-- The input follows --

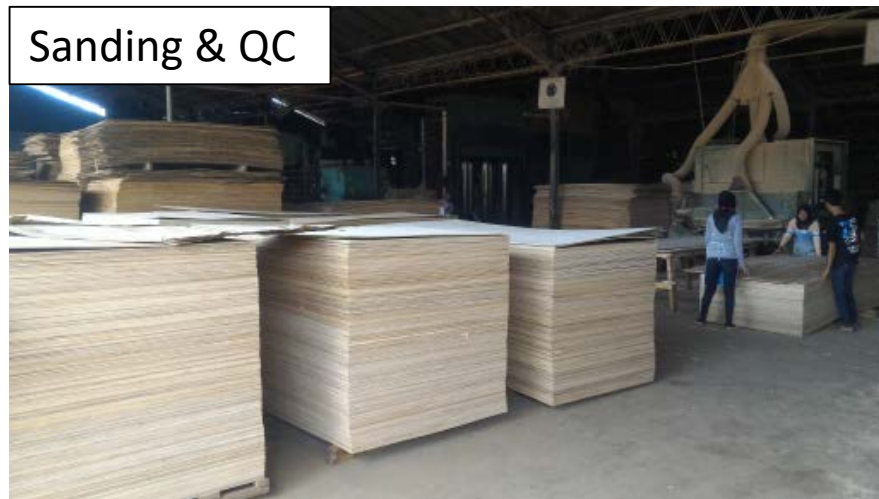
Sanding & QC
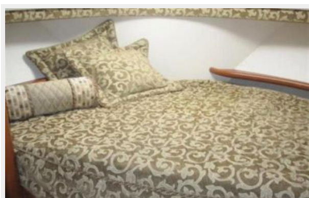
Forward Master Stateroom
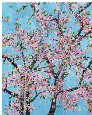
The Virtues, Politeness Edition of 1549 Bonhams London March 2022 EUR 25,782
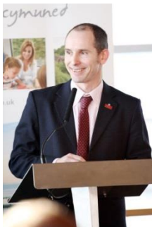
Hosting the first Wales & Borders franchise specification seminar for Rail Interest Groups – May 11 th , 2015, City Hall, Cardiff.

Since the establishment of the Mid Wales Rail Implementation Groups, both on the Cambrian and Heart of Wales lines, we have enjoyed a far more productive relationship with our colleagues at Welsh Government which has led to far more opportunities being presented to us on the Cambrian and on the other community rail lines in Wales.

-- The input concluded --

> _Work instructions_
Repeat each record as given. No picture belongs in the copy.

> _Task output_
Sanding & QC
Forward Master Stateroom
The Virtues, Politeness Edition of 1549 Bonhams London March 2022 EUR 25,782
Hosting the first Wales & Borders franchise specification seminar for Rail Interest Groups – May 11 th , 2015, City Hall, Cardiff.

Since the establishment of the Mid Wales Rail Implementation Groups, both on the Cambrian and Heart of Wales lines, we have enjoyed a far more productive relationship with our colleagues at Welsh Government which has led to far more opportunities being presented to us on the Cambrian and on the other community rail lines in Wales.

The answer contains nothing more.